- Aim of the exercise
For this exercise, write out the full listing that follows exactly and skip its pictures.

- Provided material
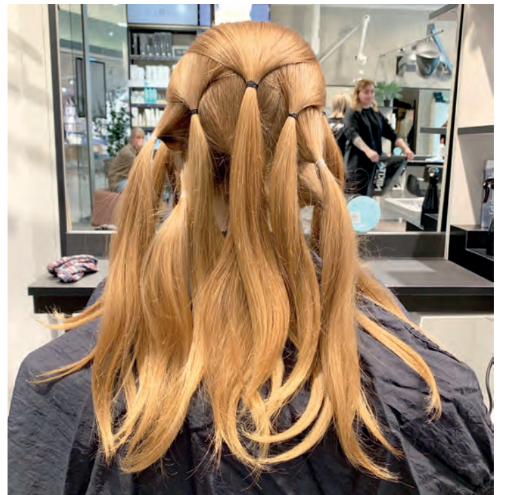
FLETTET: Det lange håret ble delt inn i fletter.
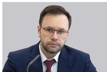
Григорий Лекарев, Заместитель министра труда и социальной защиты Российской Федерации

«Министерство труда и социальной защиты Российской Федерации всецело поддерживает инициативы по развитию отечественного рынка СИЗ, импортозамещению, повышению качества выпускаемой и потребляемой продукции. Важно, что выставка SAPE дает возможность услышать мнения всех участников процесса – от производителей до конечных потребителей».
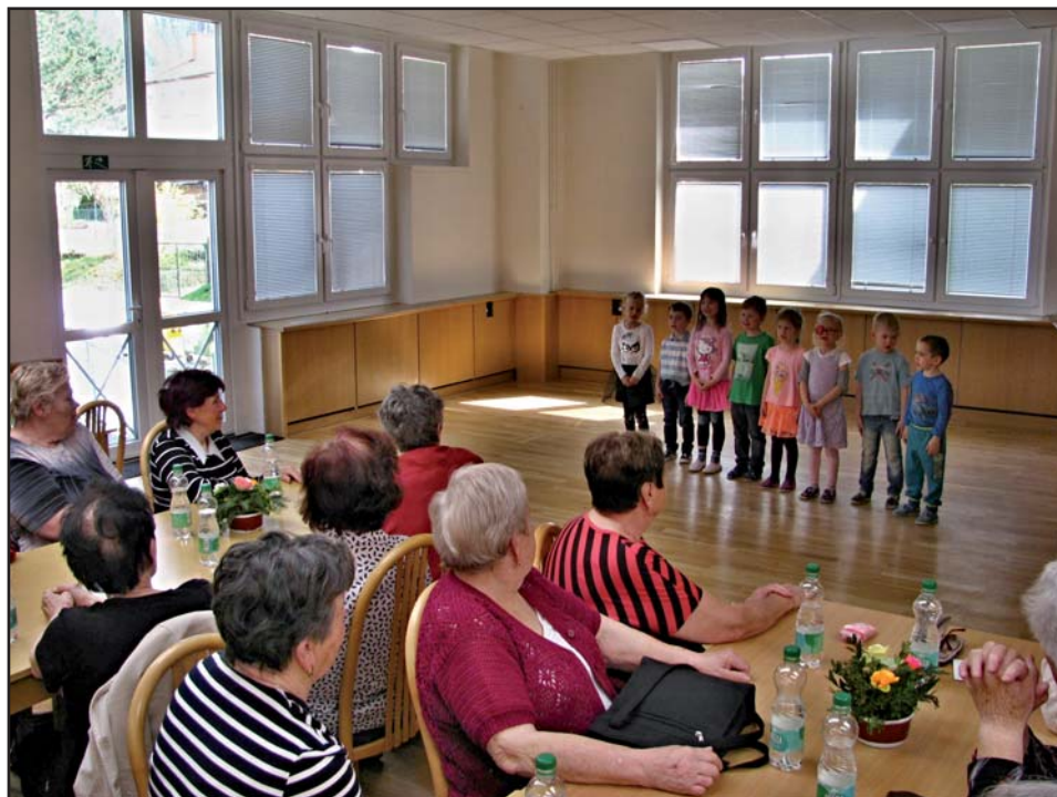
Text a foto: D. Hrachovina

- Response to the exercise
FLETTET: Det lange håret ble delt inn i fletter.
Григорий Лекарев, Заместитель министра труда и социальной защиты Российской Федерации

«Министерство труда и социальной защиты Российской Федерации всецело поддерживает инициативы по развитию отечественного рынка СИЗ, импортозамещению, повышению качества выпускаемой и потребляемой продукции. Важно, что выставка SAPE дает возможность услышать мнения всех участников процесса – от производителей до конечных потребителей».
Text a foto: D. Hrachovina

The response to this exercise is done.